Total Pengunjung

AYO MEMBACA ALQURAN SECARA BERMAKNA UNTUK MENATA KEHIDUPAN SEMESTA !!

Selasa, 02 September 2008

Ketika Dilahirkan kembali

Judul diatas pasti langsung mengarahkan pikiran anda pada sosok bayi mungil, bayi siapa saja dan tidak perlu kita pertanyakan bagaimana proses kelahirannya, dengan sengaja atau tidak sengaja, dengan cinta atau nafsu, dengan rela atau terpaksa, pasti bayi itu bersih dari iri, dengki, dendam, amarah, salah dan dosa। Ya! Semoga kitalah bayi-bayi itu, yang dilahirkan kembali setelah sebulan penuh berpuasa, tentunya dengan penuh keimanan dan keikhlasan.

Dalam tulisan ini saya tidak membahas tentang kelahiran kita kembali seperti bayi yang tanpa salah dan dosa, karena sebentar lagi kita pun pasti akan kembali berbuat salah. Toh, manusia memang tempatnya salah dan lupa. Dunia ini memang pertarungan antara pahala dan dosa, saling himpit-menghimpit, saling desak-mendesak, dan hasil akhirnya su’ul khotimah atau husnul khotimah Dia yang menentukan pemenangnya. Jadi, biarkan masalah pahala dan dosa itu menjadi wewenang-Nya. Lagipula manusia masuk sorga atau neraka bukan karena besarnya pahala atau dosa tapi semata-mata karena besarnya kasih sayang dan keadilan-Nya.
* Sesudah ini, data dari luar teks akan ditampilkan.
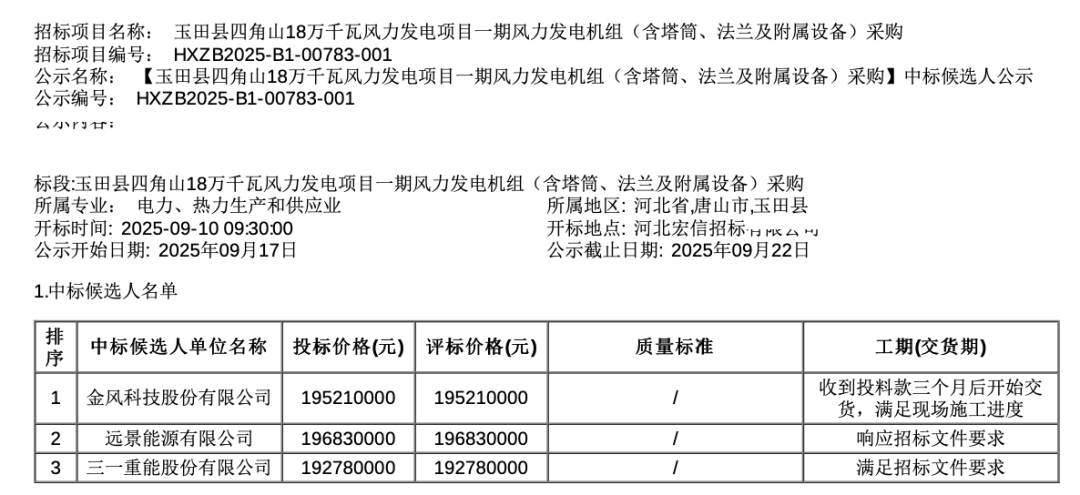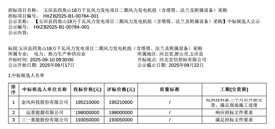 中标候选人第一名:金风科技,投标报价:19521万元。
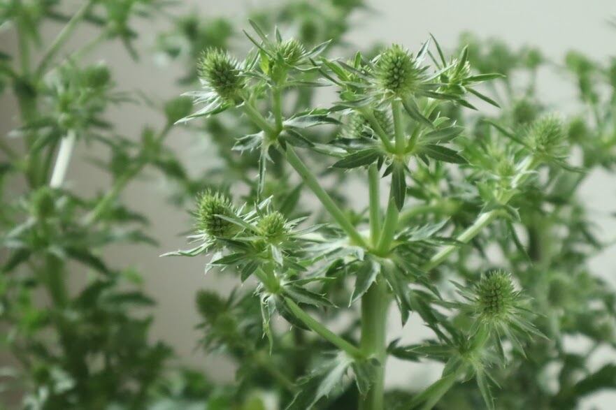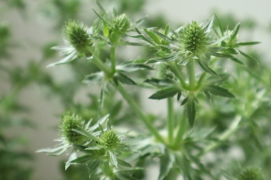 メタリックブルーのとげとげしたお花が咲いて、とっても涼し気で暑い夏にぴったりなお花です♪
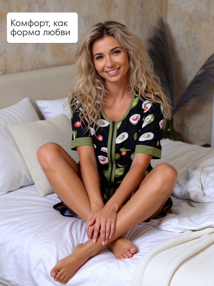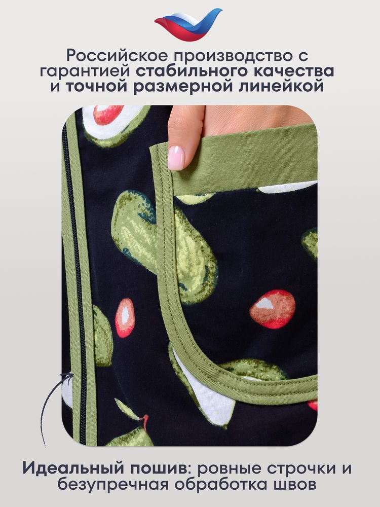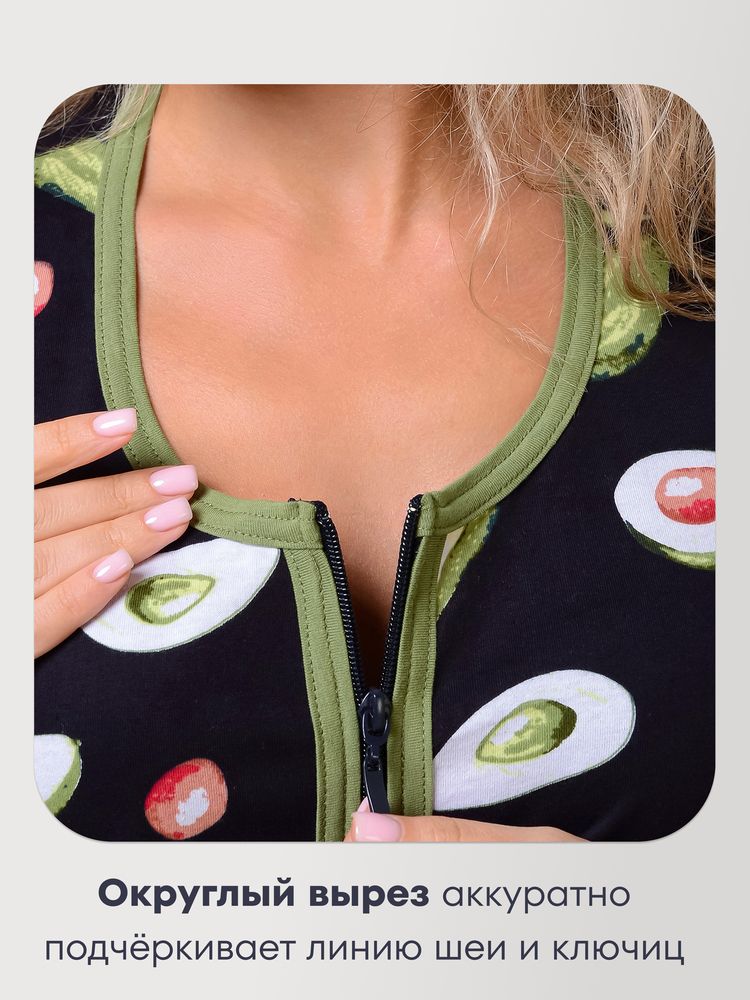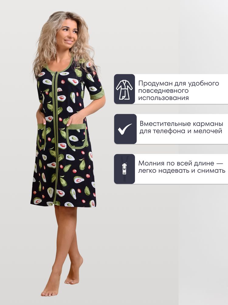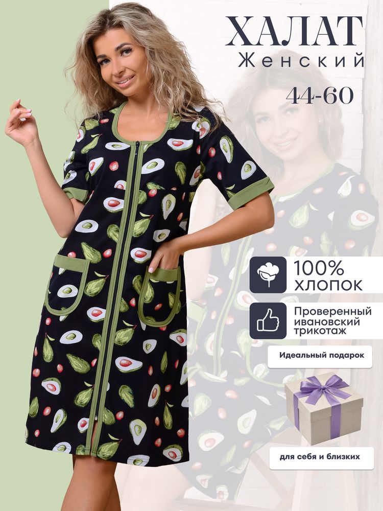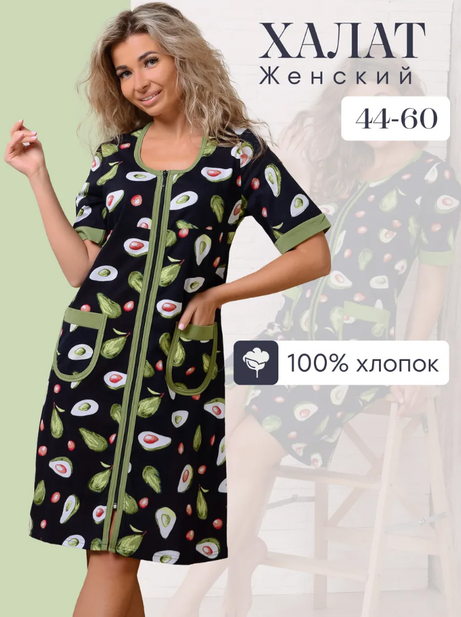 Обратите ваше внимание на женский домашний халат на молнии! С таким халатиком мода дома не умрёт!))) Чудесные расцветки смотрятся свежо и очень нарядно. Изделие имеет широкий размерный ряд: от миниатюрного 44 до больших размеров 54-56. Вы не будете испытывать стеснение и дискомфорт, так как халат изготовлен из хлопковой ткани. Кулирка прекрасно тянется, позволяя Вам свободно двигаться. Длина спинки 98-101 см в зависимости от размера. Полочка длиннее спинки на 5 см. Модель расклешенная, поэтому будет удобна также беременным и кормящим женщинам. Имеются два удобных накладных кармана. Отделка – яркая трикотажная бейка. Очень удобный для выполнения домашней работы короткий рукав. Такая вещь актуальна не только в качестве одежды для дома, она прекрасно смотрится на даче.
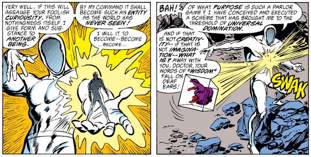 After rejecting the idea of facing him directly, for fear of the cataclysmic power that would be unleashed in such a battle—and after delivering a Cosmic-Cube-powered diss to Uatu the Watcher in the process—Kubik decides to recruit the one person it has met that could possibly face the Adaptoid Who Just Up and Decided to Call Himself Supreme…
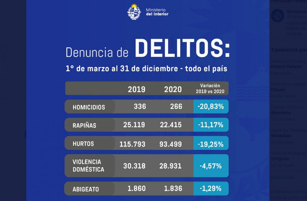 En el caso del mes de diciembre de 2020, y bajo la gestión del Ministerio del Interior a cargo Dr. Jorge Larrañaga, los homicidios bajaron 44,44%, las rapiñas 19,31%, los hurtos 25,06%, la violencia doméstica 18,30% y el abigeato 34,35%.
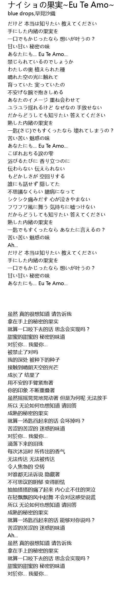 | [00:41.100] | あなたにも... Eu Te Amo... |
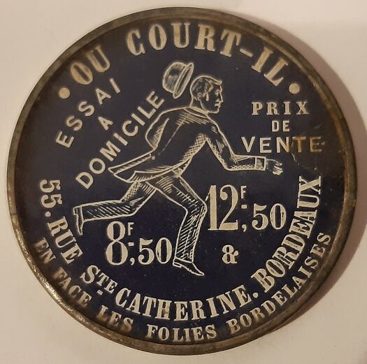 Petit miroir rond, sous verre, entourage en aluminium, fond bleu, lettres blanches. Dessin en bleu et blanc.

Text Box: Kita melihat orang-orang mengalami kemajuan selama beberapa waktu, tetapi tiba-tiba mandek. Kapan mereka mandek? Mereka mandek saat kehilangan individualitas mereka.  (John Stuart Mill) Yang ingin saya bahas di sini adalah adanya simbol dilahirkan kembali seperti bayi merupakan isyarat agar kita terus melakukan pendewasan diri, pematangan diri. Dilahirkan kembali agar kita menjadi dewasa yang sebenarnya. Seperti nanti kita dimatikan agar menjadi hidup yang sebenarnya. Tapi seringkali kita lupa bagaimana caranya melakukan pendewasaan diri seperti yang dulu kita lakukan pada pertama kali kita benar-benar dilahirkan.

Dahulu, rasa ingin tahu kita sangat besar. Tanya ini dan Tanya itu. Kita sibuk melakukan eksperimen, kita bongkar mainan baru dan bagus, hanya karena ingin tahu ada apa di dalamnya. Sampai kita berani ingin memegang api, hanya karena ingin tahu. Tapi sekarang? Dahulu, kita selalu ingin bisa. Ingin bisa jalan, tidak lelah-lelahnya kita berlatih. Ingin bisa bicara seperti orang lain, tidak bosan-bosannya kita mengulang ucapan mereka.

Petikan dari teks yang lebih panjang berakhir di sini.